Depuis un certain temps, on parle de transition démographique, mais il est probable que nous ne soyons toujours pas pleinement conscients de ce qui nous attend. L'activité économique d'un pays est essentiellement déterminée par le nombre de personnes qui travaillent et par la production moyenne par personne (la productivité).
Pour ce premier facteur en particulier, l'économie mondiale va connaître un changement énorme au cours des 25 prochaines années. La population en âge de travailler, c'est-à-dire les personnes qui, en théorie, peuvent travailler, continue d'augmenter au niveau mondial, mais derrière ce chiffre global se cachent de grandes variations régionales.

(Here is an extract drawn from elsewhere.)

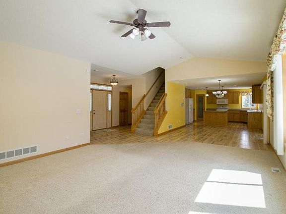 Spacious modified two story with 3 upper level bedrooms and an additional detached garage!. Open concept main level with vaulted ceilings, gas fireplace, new carpet installed, 3 season porch, laundry, and office. Large kitchen with hardwood floors, center island, and pantry. Master suite has a walk-in closet and private bath with separate whirlpool & shower. Unfinished basement with a large finished bath, and egress window for a potential future bedroom.

En Chine et au Japon, la population en âge de travailler diminuera respectivement de 22 % et 26 % d'ici 2050. Et en Europe, une baisse d'environ 20 % est également attendue, tant en Europe centrale et orientale qu'en Europe de l'Ouest. L'Italie est en tête avec une diminution de 28 %. Sans compensation par une accélération significative de la croissance de la productivité, cela impliquerait une baisse de l'activité économique d'un cinquième à un quart. Une décroissance en pratique, donc. Cela mettrait l'État-providence sous une forte pression et signifierait, entre autres, que la dette publique actuelle deviendrait insoutenable. Cette dynamique démographique met également en perspective les récits apocalyptiques sur l'intelligence artificielle. La crainte que l'IA et les robots prennent bientôt tous nos emplois et provoquent un chômage de masse est infondée. Au contraire, nous aurons grandement besoin de ce type d'innovations pour réaliser le boost de productivité nécessaire pour maintenir notre niveau de vie.

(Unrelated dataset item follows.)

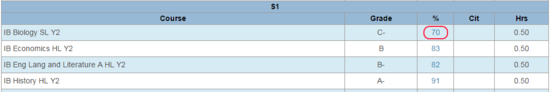 For high school courses with exams S2 = (C2 x 80% + E2 X 20%)

Face à la population en âge de travailler en diminution en Europe et dans certaines parties de l'Asie, le reste du monde connaîtra une augmentation. Les États-Unis resteront plus ou moins stables, mais c'est surtout l'Afrique qui se démarque. Là, la population potentiellement active doublera d'ici 2050. Cela implique un important potentiel économique, mais comporte également de grands risques. En Afrique et au Moyen-Orient, la population totale augmentera d'un milliard au cours des 25 prochaines années. Cela pourrait provoquer des troubles sociaux et signifie très probablement que les flux migratoires vers l'Ouest ne font que commencer. En théorie, une certaine coordination devrait être possible, mais en pratique, il semble que nous ne soyons politiquement pas du tout prêts aujourd'hui.

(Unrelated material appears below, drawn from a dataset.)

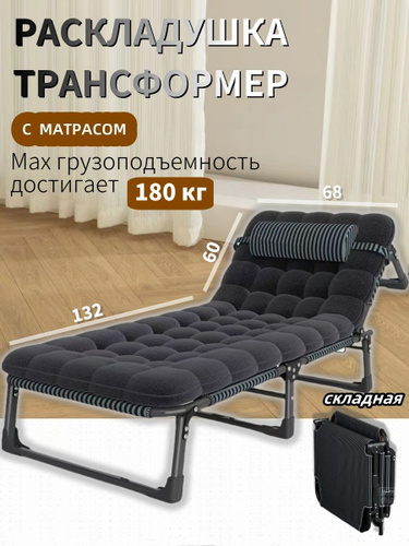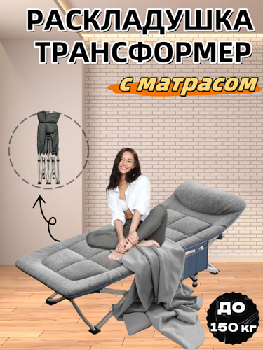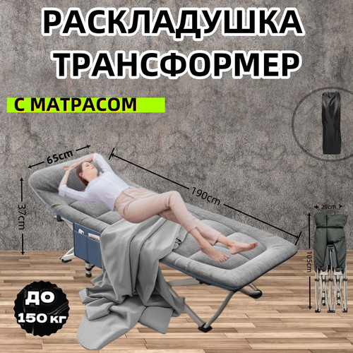 Раскладушка с матрасом взрослая туристическая для сна трафсформер до 150кг

La démographie a toujours été un facteur important pour la dynamique économique, mais au cours des dernières décennies, elle a surtout joué un rôle positif. Au cours du prochain quart de siècle, ce scénario changera complètement en Europe et en Chine. La démographie agira plutôt comme un frein à l'activité économique dans les années à venir. Cela signifie que l'accent devra être mis encore davantage sur la productivité.